(Items from a data source)

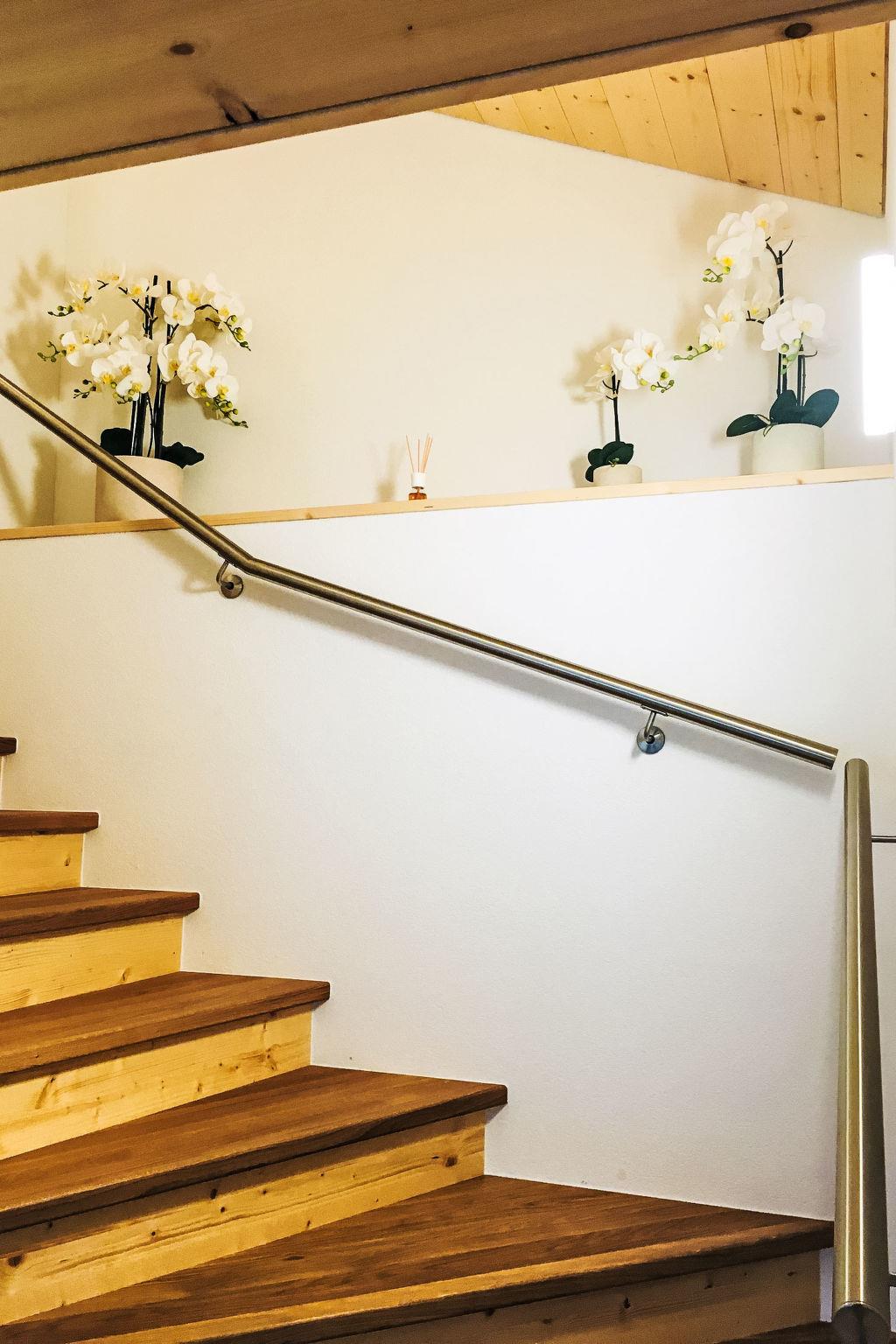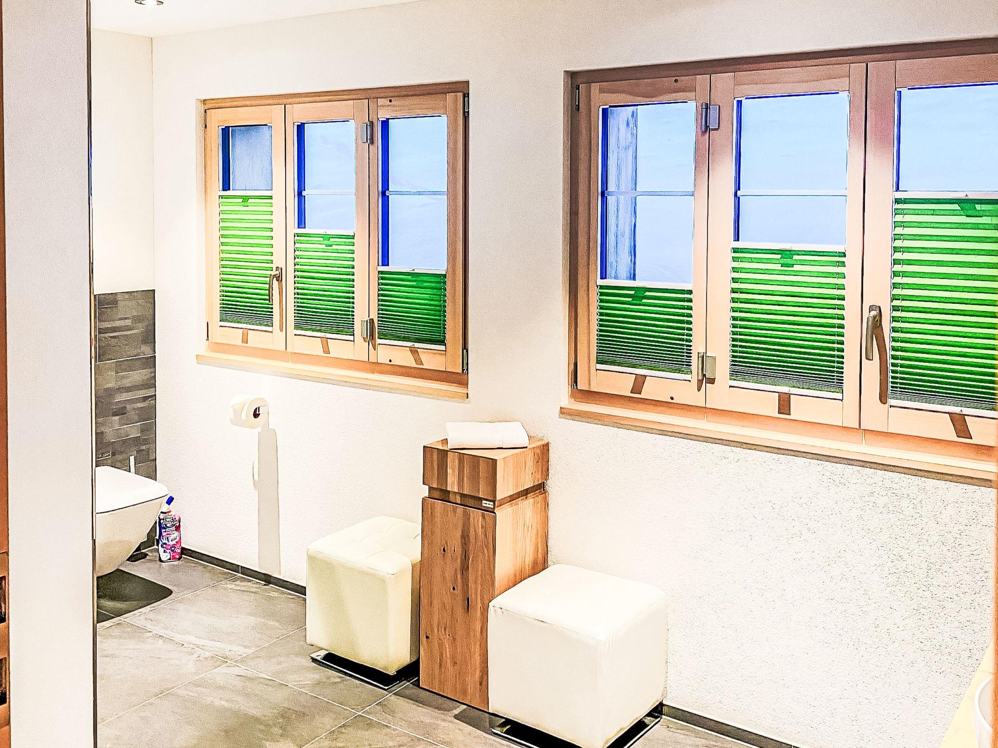 3-room apartment 100 m2 on 2 levels, south facing position. Spacious, fully renovated in 2023, comfortable and cosy furnishings: open living/dining room, ceiling height 200 cm with dining table, TV and international TV channels. Exit to the patio. Open kitchen (oven, dishwasher, 4 ceramic glass hob hotplates, toaster, kettle, electric coffee machine, Capsules for coffee machine (Nespresso) extra, raclette grill, fondue Set (cheese)). Shower/WC. Upper floor: 2 rooms with sloping ceilings, Low door height 190 cm ceiling height 60 - 200 cm, each room with 1 bed (180 cm, length 200 cm). Marvellous view of the mountains and the countryside. Facilities: washing machine, dryer, hair dryer. Internet (WiFi, free). Parking at the house. Please note: non-smokers only. Private entrance, fire extinguisher.
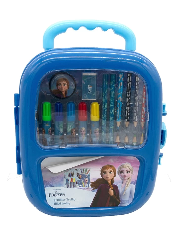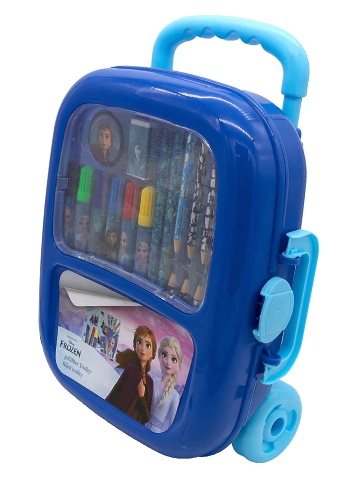 – Inhalt: kleiner Trolley mit Teleskopstange, 6 Fasermaler, 8 Mini Buntstifte, 2 Bleistifte, Radierer, Spitzer, Stickerblatt A5, Malblock
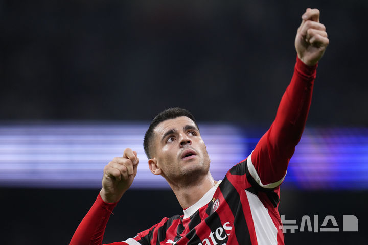 [마드리드=AP/뉴시스] AC 밀란의 알바로 모라타가 5일(현지시각) 스페인 마드리드의 산티아고 베르나베우 경기장에서 열린 2024-25시즌 유럽축구연맹(UEFA) 챔피언스리그(UCL) 리그 페이즈 4차전 레알 마드리드와의 경기 전반 39분 팀의 두 번째 골을 넣은 후 세리머니하고 있다. AC 밀란이 레알 마드리드를 3-1로 물리치고 2승2패(승점6)로 UCL 18위를 기록했다. 2024.11.06.
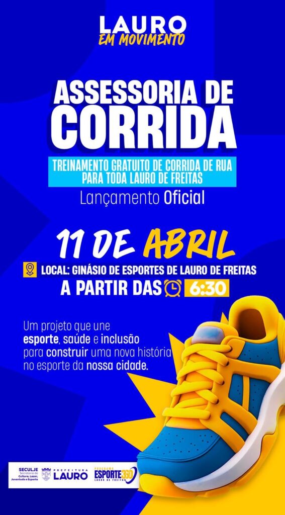 No sábado (11/4), acontece o lançamento da Assessoria de Corrida, no Ginásio de Esportes de Lauro de Freitas, a partir das 6h30. A iniciativa integra o projeto “Lauro em Movimento”, vinculado ao Programa Esporte 360, e oferece treinamento de corrida de rua aberto a todos os públicos, desde iniciantes até praticantes que desejam evoluir.
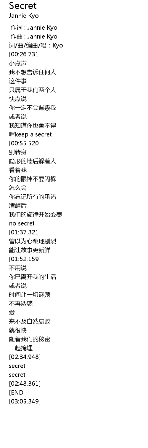 | [00:00.000] | 作词 : Jannie Kyo |
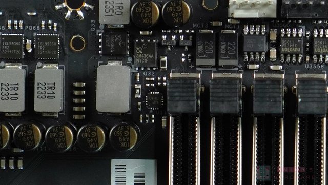 ‧ 兩組 GEN5 PCI-E 插槽之間,共有 4 顆 PHISON PS7101 GEN5X2 通道切換器,一同負責

**ABOUT THIS TASK:**
All lines from the start of the entries above through the line containing "Stickerblatt A5, Malblock" must be transcribed exactly, both ends included, and no picture may be copied.

**REPLY:**
 3-room apartment 100 m2 on 2 levels, south facing position. Spacious, fully renovated in 2023, comfortable and cosy furnishings: open living/dining room, ceiling height 200 cm with dining table, TV and international TV channels. Exit to the patio. Open kitchen (oven, dishwasher, 4 ceramic glass hob hotplates, toaster, kettle, electric coffee machine, Capsules for coffee machine (Nespresso) extra, raclette grill, fondue Set (cheese)). Shower/WC. Upper floor: 2 rooms with sloping ceilings, Low door height 190 cm ceiling height 60 - 200 cm, each room with 1 bed (180 cm, length 200 cm). Marvellous view of the mountains and the countryside. Facilities: washing machine, dryer, hair dryer. Internet (WiFi, free). Parking at the house. Please note: non-smokers only. Private entrance, fire extinguisher.
 – Inhalt: kleiner Trolley mit Teleskopstange, 6 Fasermaler, 8 Mini Buntstifte, 2 Bleistifte, Radierer, Spitzer, Stickerblatt A5, Malblock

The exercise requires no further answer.